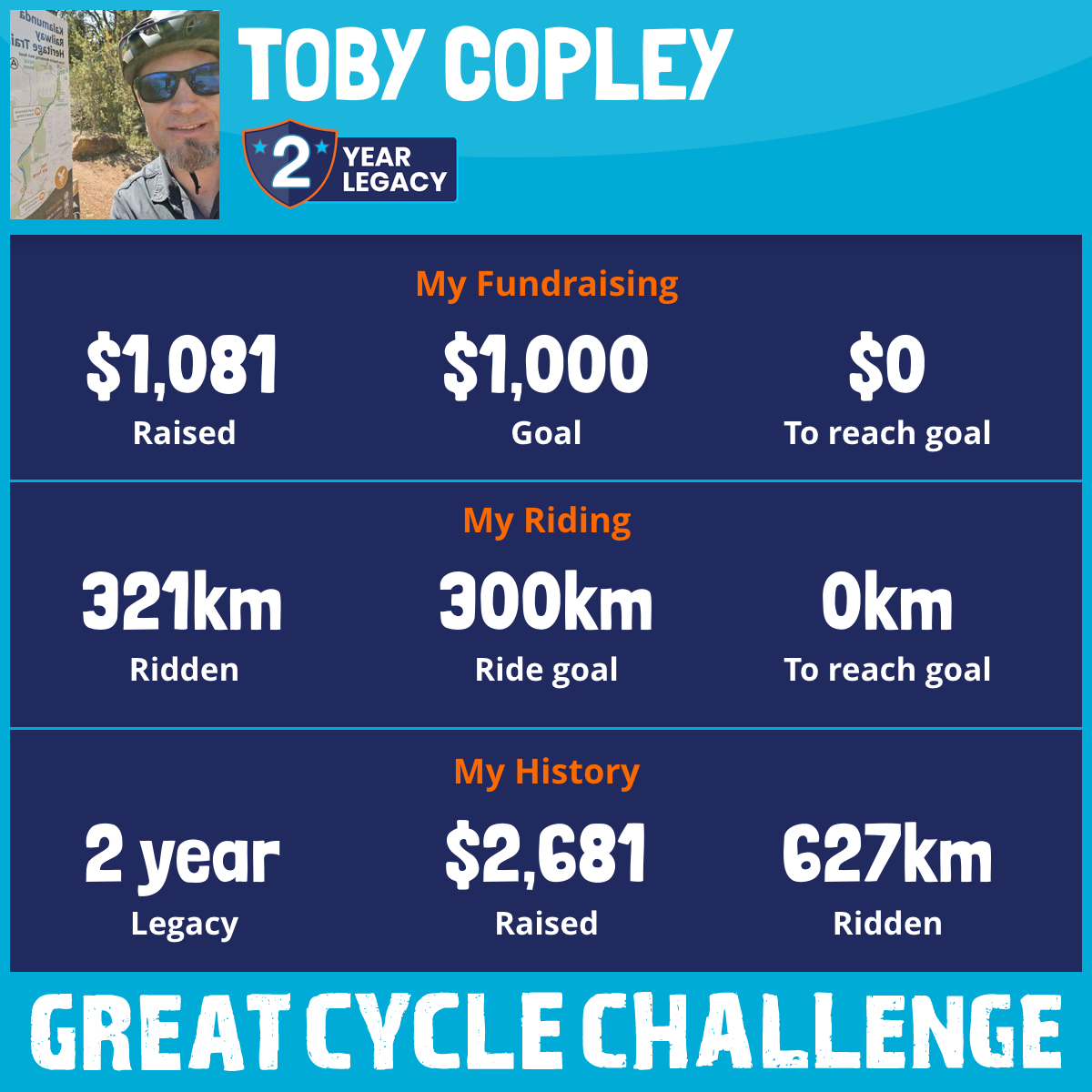 321 km Ridden$1,081 Raised2026
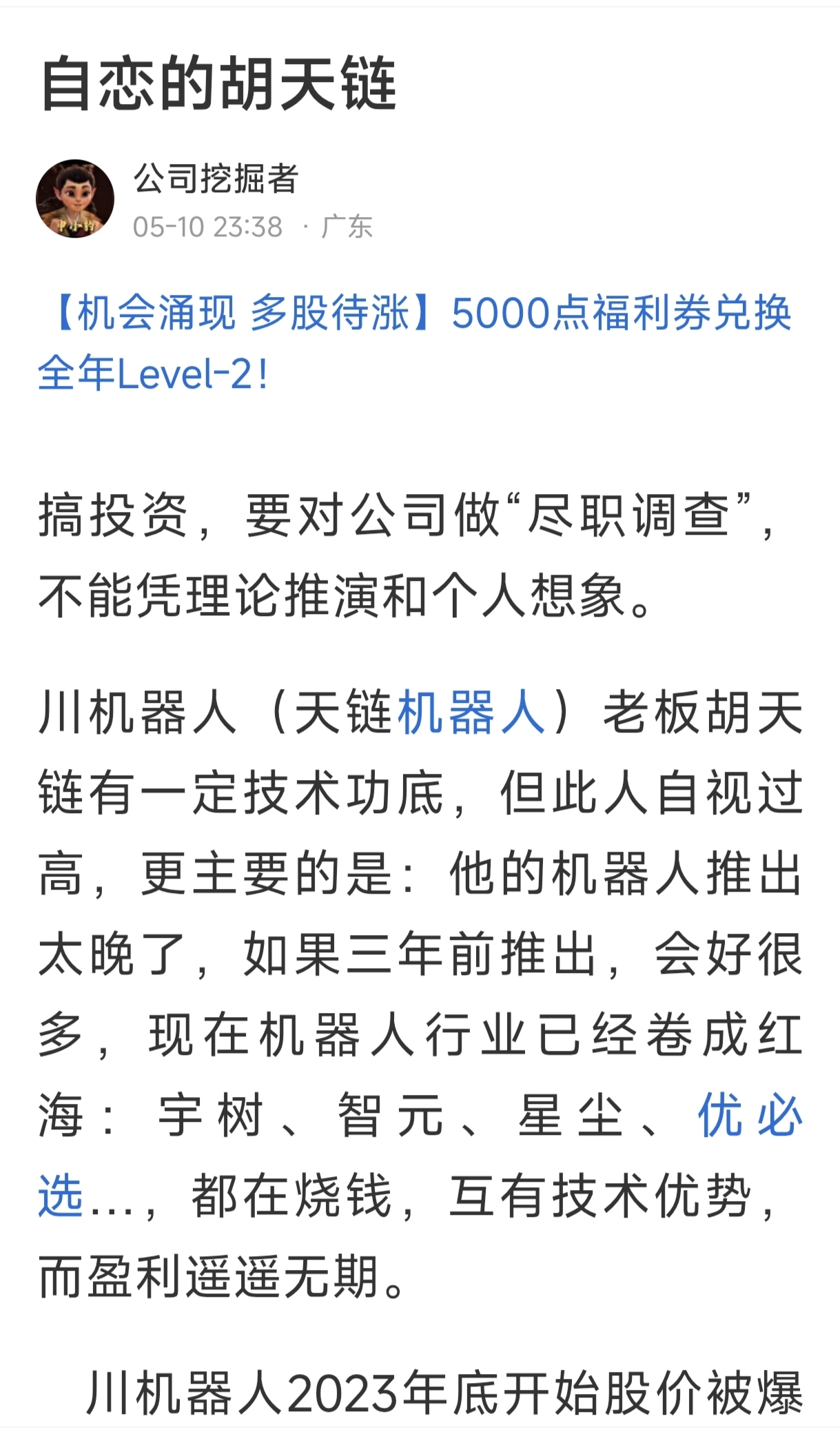 有股友把川机器人与普适导航比较,川机器人融资两年,还没融到。普适导航年利润500
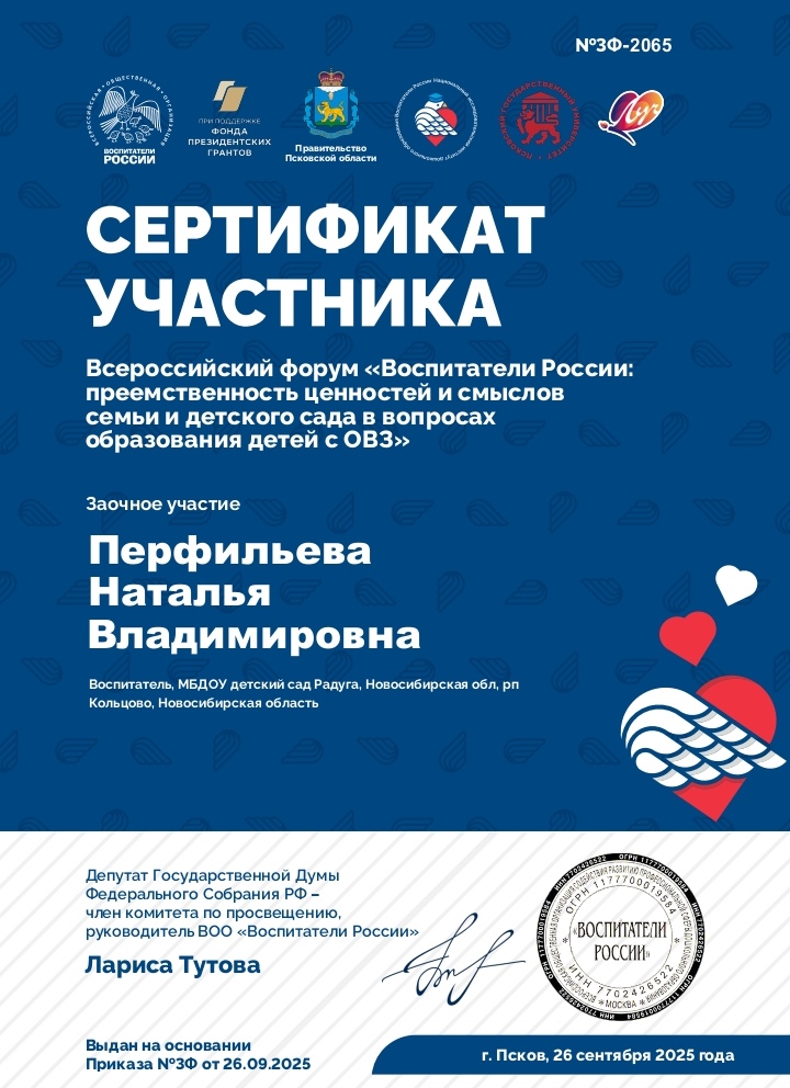 сертификат участника Всероссийский форум "Виспитатели России:преемственность ценностейи смыслов семьи и детского сада в вопросах образования детей с ОВЗ"

Task objective
The lines running from the one with "有股友把川机器人与普适导航比" to the close of the material above are to be retyped exactly; no picture is to be included.

Answer box
 有股友把川机器人与普适导航比较,川机器人融资两年,还没融到。普适导航年利润500
 сертификат участника Всероссийский форум "Виспитатели России:преемственность ценностейи смыслов семьи и детского сада в вопросах образования детей с ОВЗ"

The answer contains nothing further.